Or a little earlier in the book of Revelation, in Revelation, chapter 7, we read these words (again in anticipation of this climactic vision): “ ‘Never again will they hunger; never again will they thirst. The sun will not beat down on them,’ nor any scorching heat. For the Lamb at the center of the throne will be their shepherd; ‘he will lead them to springs of living water.’ ‘And God will wipe away every tear from their eyes.’ ”

As Isaiah 25 puts it, “God will swallow up death forever.” Suddenly your mind goes to other parts of the Bible that anticipate the end. The great resurrection chapter, 1 Corinthians 15, where we will have bodies like Christ’s resurrection body, somehow connected with ours. The best analogy that Paul can think of is the relationship between an acorn and a tree but so spectacularly different. A real connection, yet he’s fighting for words to describe it.

He actually says it’s a spiritual body, but it’s a spiritual body that can be touched and handled, that eats and drinks. We will have spiritual bodies like his, that are to that degree physical, as well in the new heaven and the new earth. This is not merely going to heaven in some sort of ethereal existence. “I saw ‘a new heaven and a new earth.’ ” Resurrection existence, consummated existence.

Now in verse 5, God speaks. The language is weighty.
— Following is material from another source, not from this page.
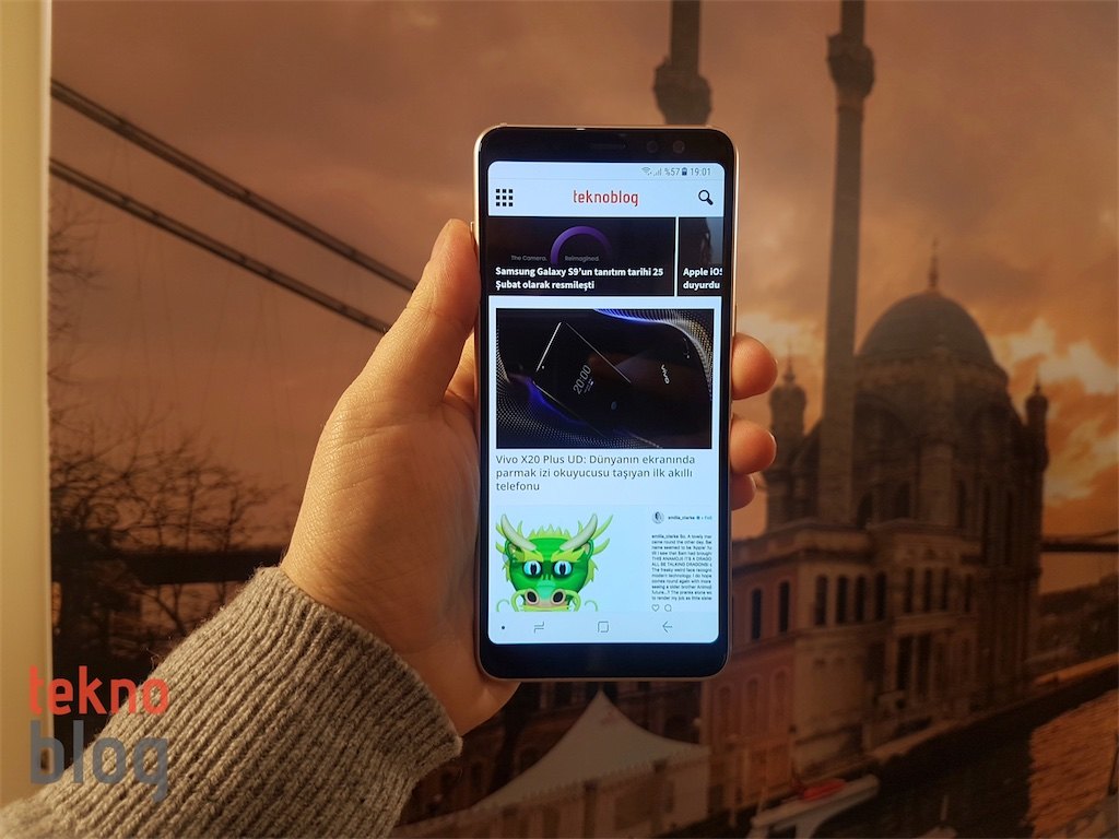 Galaxy A8, ele rahatlıkla oturuyor. Parmakların akıllı telefonun uzun ekranında gezinmesi bir sorun teşkil etmiyor. Hatta günümüz standartları çerçevesinde Galaxy A8, ele oturma biçimiyle biraz küçük bir telefon olduğu hissiyatını bile oluşturabiliyor. Galaxy A8+ ise 6 inçlik ekranıyla Galaxy S8 ve S8+’a çok daha yakın bir cihaz profili çiziyor. Daha da büyük ekranın etkisiyle parmağın ekran üzerinde gezinmesi ve tek elle menüde dolaşmak biraz daha zorlu bir işe dönüşüyor.

It’s as if every significant clause has to be separately introduced to give you time to stop and think about it. “He who was seated on the throne said, ‘I am making everything new!’ ” Pause. “Then he said, ‘Write this down …’ ” That’s why we’re reading it … unlike revelations that have been sealed up for a later time.

“Write this down, for these words are trustworthy and true.” Pause. Weigh. “He said to me: ‘It is done.’ ” The Savior on the cross cried, “It is finished.” Here the voice from the throne calls, “It is done.” When Christ called, “It is finished,” he was saying that all the needed sacrifice had been accomplished. There was no more payment for sin needed, for all the sins of the past, all the sins that would take place in the future. Christ’s holiness was utterly and completely satisfied. “It is finished.”

That does not mean there was no more struggle. As Revelation 12 points out, precisely because Satan knows that he’s defeated, defeated at the cross; therefore, he is filled with fury because he knows his time is short. That is why we Christians have found ourselves in the place where we are not wrestling against flesh and blood but against principalities, against powers, against the rulers of the darkness in high places.

But now, “It is done.” All the gospel promises, which we have enjoyed in taste, which we have enjoyed in powerful reality but still only in anticipation, now come to consummation. The voice from the throne says, “Write this. It is done.” The voice who is speaking like this declares himself, “I am the Alpha and the Omega, the Beginning and the End.” He, finally, is the only one who could bring it all to pass.

That’s why the lion-lamb described so eloquently in chapter 5, this lion-lamb actually emerges from the center of the throne. He doesn’t have to approach God from the outside. He emerges from the center of the throne, yet he is himself the lion-lamb who alone is qualified to take all of God’s purposes, held in this scroll in the right hand of the Almighty, and bring them to pass. The Beginning and the End, the Alpha and the Omega, has brought it to be and, “It is done.”

This is addressed to people who hear these words of announcement (the consummation is not here yet) and hear the gracious God saying, “To the thirsty I will give water without cost from the spring of the water of life.” Again, the language is drawn from the Old Testament. We are told in Isaiah 55, “Come, all you who are thirsty, come to the waters; and you who have no money, come, buy and eat! Come, buy wine and milk without money and without cost.” “To the thirsty I will give water without cost from the spring of the water of life.”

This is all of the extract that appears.